RE:RE:Daily Gold CommentsFresh money or moved sideways. Since the end of March this year, I started to accumulate KDX as my principal investment, but following the KLG/NMI merger proposal, I have already reallocated 25% to KLG.
It seems to me that a further reallocation to KLG could yield the best gains over a 6 month period, for the following reasons:-
- The current EV of KLG is lower at C$0.89bn, in contrast to KDX’s C$0.99bn.
- The annual rate of ounces produced by KLG in 2016 Q3 was 305k ounces – even though Maccassa had a week planned production close down in Q3 [NR 10/12/2016]. The 2017 ounces for KLG’s mines alone could reach 350k ounces?
- It will take some time for KDX to achieve maximum production from Hollister & True North, although the results could be impressive when this is achieved.
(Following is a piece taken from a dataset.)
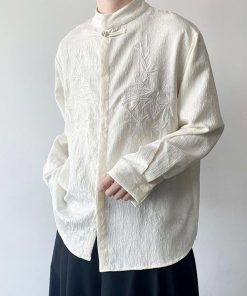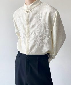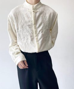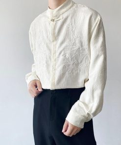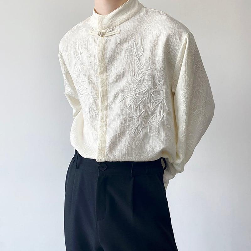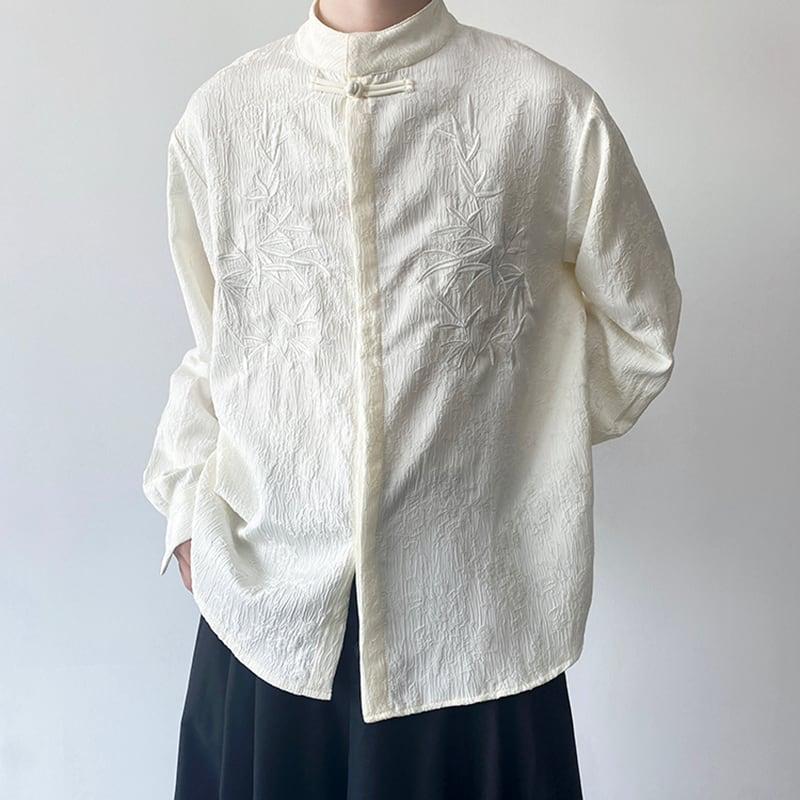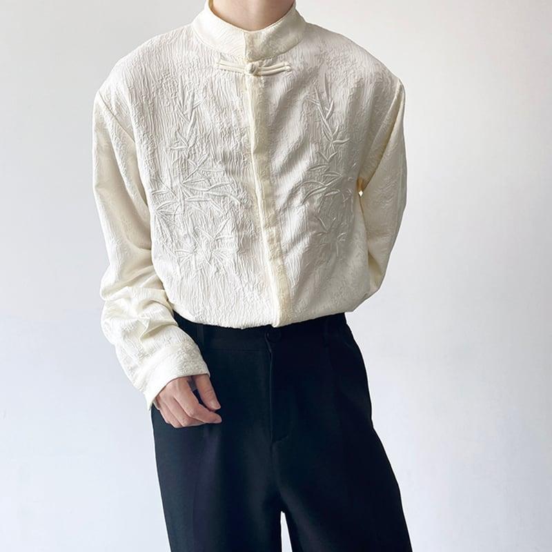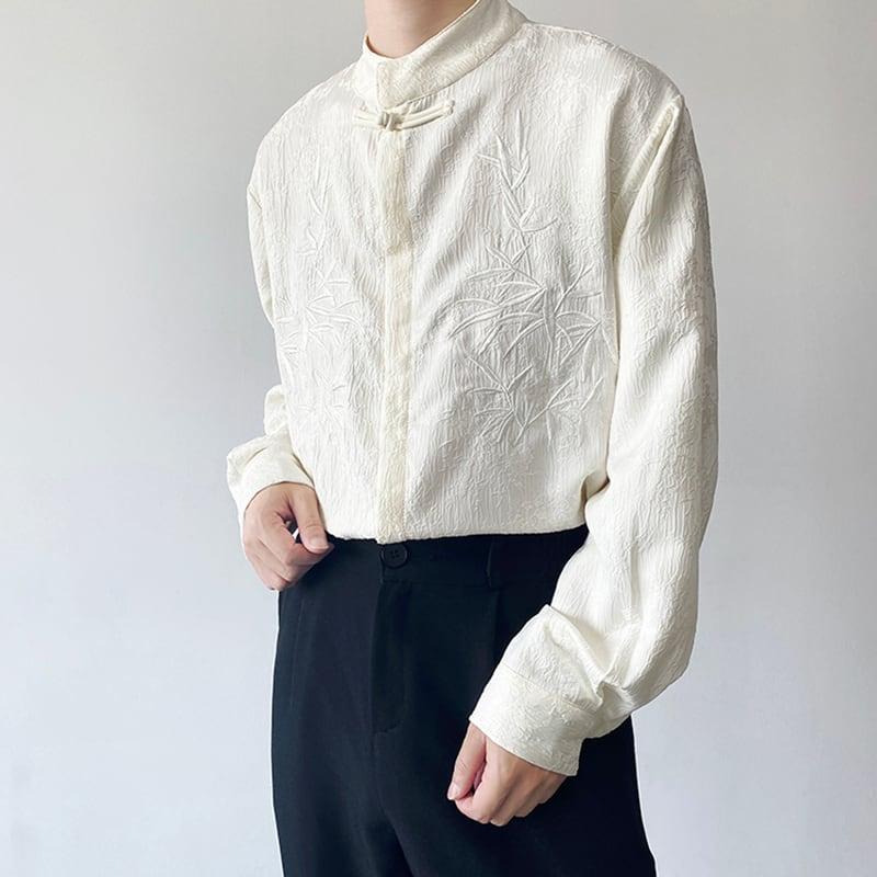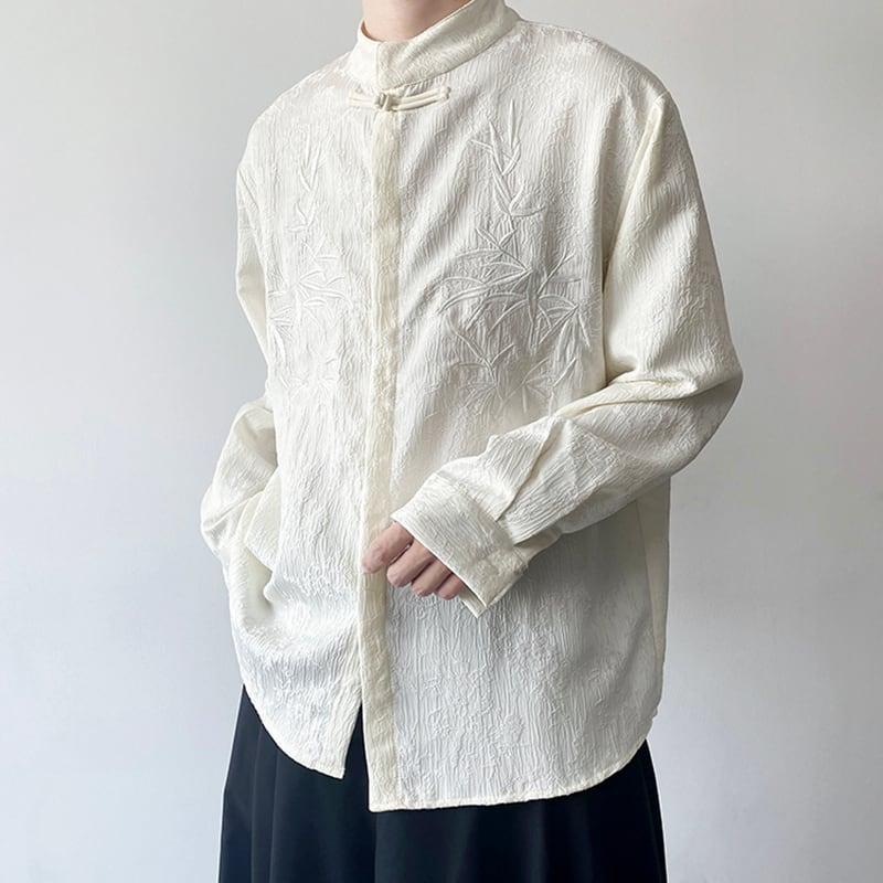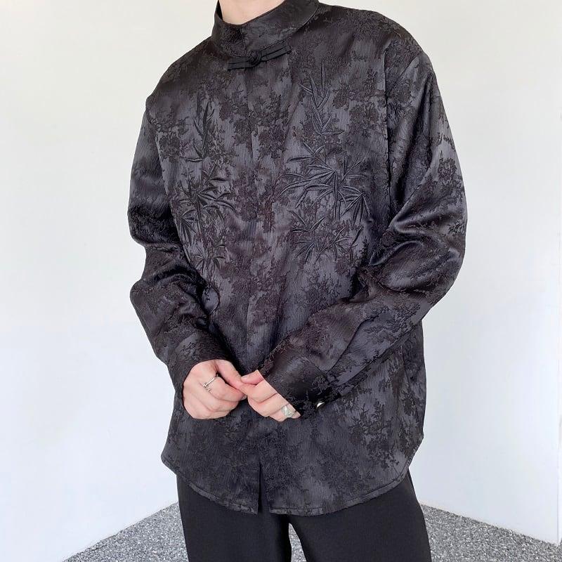 2color トップス 長袖シャツ 男女兼用 メンズ 竹柄 M L XL カジュアル

- KDX’s high grades will achieve higher profit per ounce produced. However, due to KLG’s volume of ounces currently being produced, it will benefit proportionately more from every $ increase in the POG, which can reasonably be expected into 2017.
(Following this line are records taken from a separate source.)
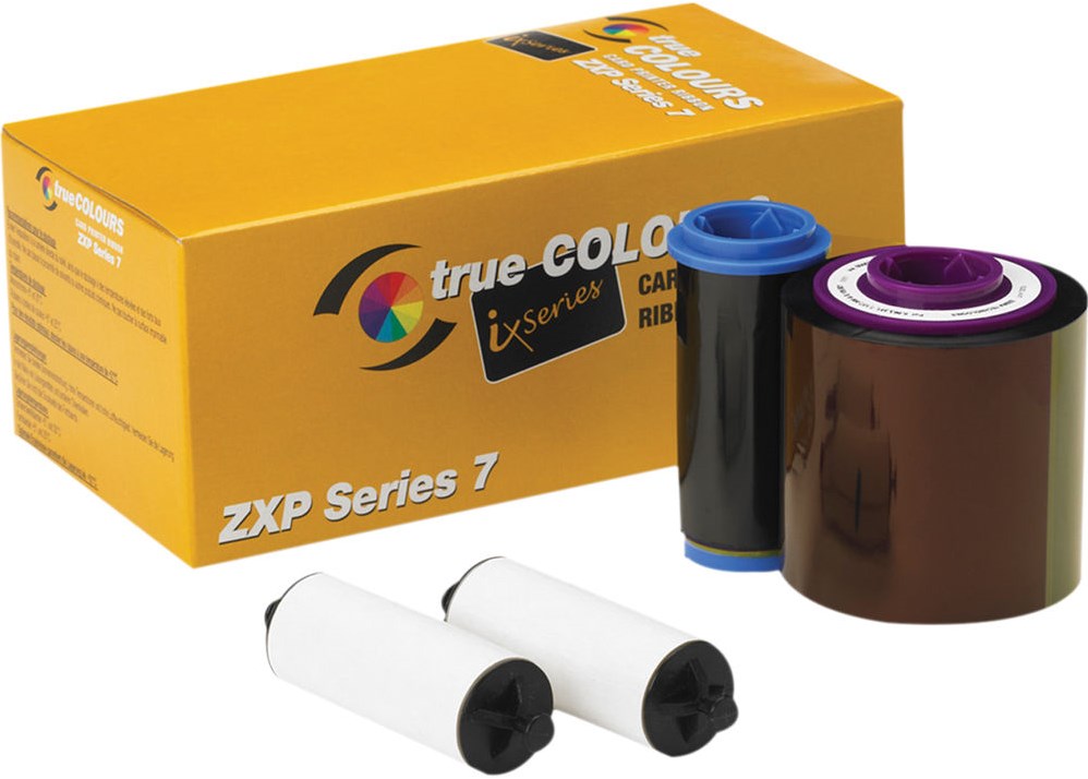 Zebra inktlint om in vier kleuren zelf pasjes met overlay te printen.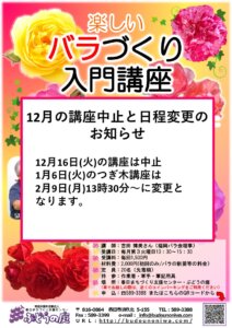 12月バラ講座 中止と日程変更のお知らせ 2025年12月6日2025年12月6日お知らせ 12月のバラ講座は講師の都合により中止になりました。 また、1/6(火)に予定していました接ぎ木講座は、2/9(月)13時30分~に変更となりましたので お間違えの無いようよろしくお願い致します。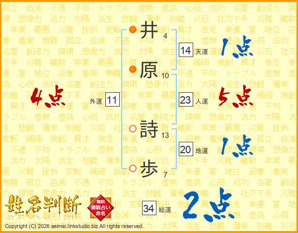 生活面を象徴する運勢です。外部から受ける影響力を表し、結婚運、家庭運や職場、環境への順応性を表します。総運から人運を引いた画数。姓や名が1文字の場合を除く。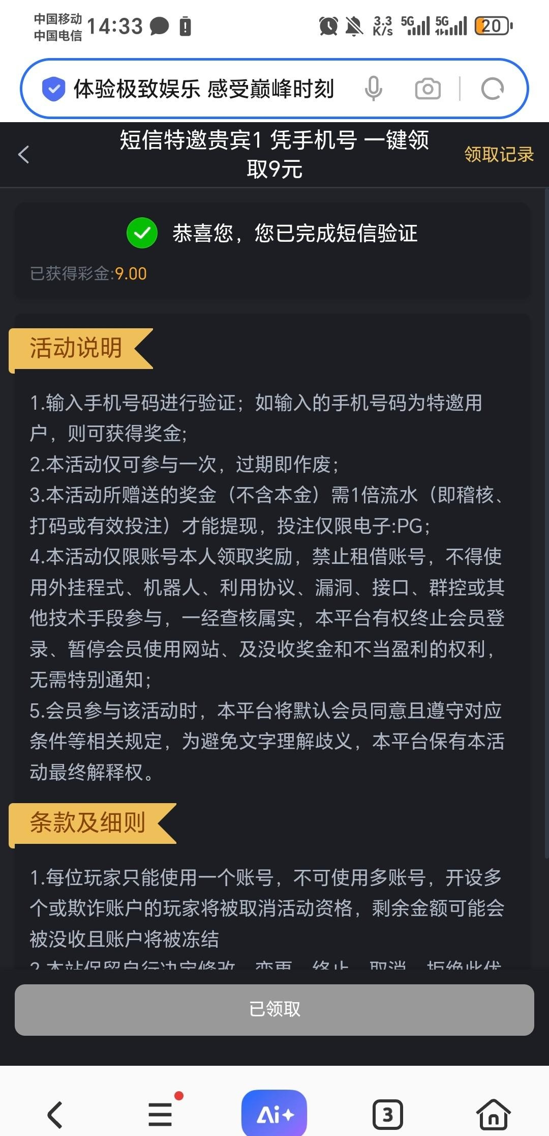 白嫖彩金

- The above observations do not take into consideration the greatly increased KLG gold ounces which will be achieved when the NMI merger is approved.
- There also seems to be the prospect for ultra-high grades at the Eagle Fault in NMI’s Fosterville mine. If these can be converted to production ounces, then the production gap between KLG and KDX will widen even further.